**Problem to work on:** Nothing but the lines from the one holding "Embrace the outdoors" through the last line of the material below should be set down, exactly and without images.

**Dataset content:**
+++++

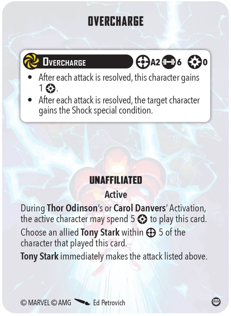 For five power, any Thor Odinson or Carol Danvers can give Tony Stark a free, out of activation area attack that automatically shocks any targets and gives Tony one power per target.
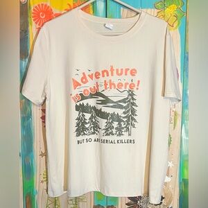 Embrace the outdoors with this cream Adventure graphic tee—perfect for everyday casual wear.
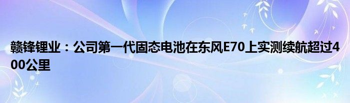 以上就是【赣锋锂业:公司第一代固态电池在东风E70上实测续航超过400公里】相关内容。
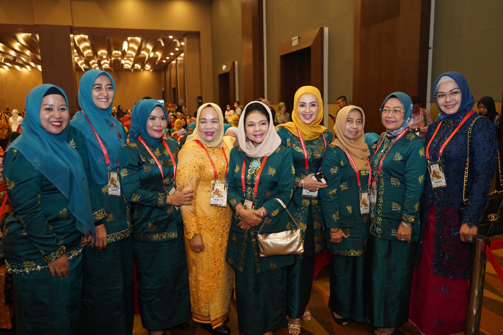 Asahan, Halosumsel – Ketua Dewan Kerajinan Nasional Daerah (Dekranasda) Kabupaten Asahan, Hj Titiek Sugiharti Surya, dengan mengenakan busana berbahan kain tenun Asahann tampil memukau saat menghadiri acara puncak HUT ke-43 Dewan Kerajinan Nasional (Dekranas) yang dilaksanakan di Kota Medan, Provinsi Sumatera Utara.

+++++

**Response to this task:**
 Embrace the outdoors with this cream Adventure graphic tee—perfect for everyday casual wear.
 以上就是【赣锋锂业:公司第一代固态电池在东风E70上实测续航超过400公里】相关内容。
 Asahan, Halosumsel – Ketua Dewan Kerajinan Nasional Daerah (Dekranasda) Kabupaten Asahan, Hj Titiek Sugiharti Surya, dengan mengenakan busana berbahan kain tenun Asahann tampil memukau saat menghadiri acara puncak HUT ke-43 Dewan Kerajinan Nasional (Dekranas) yang dilaksanakan di Kota Medan, Provinsi Sumatera Utara.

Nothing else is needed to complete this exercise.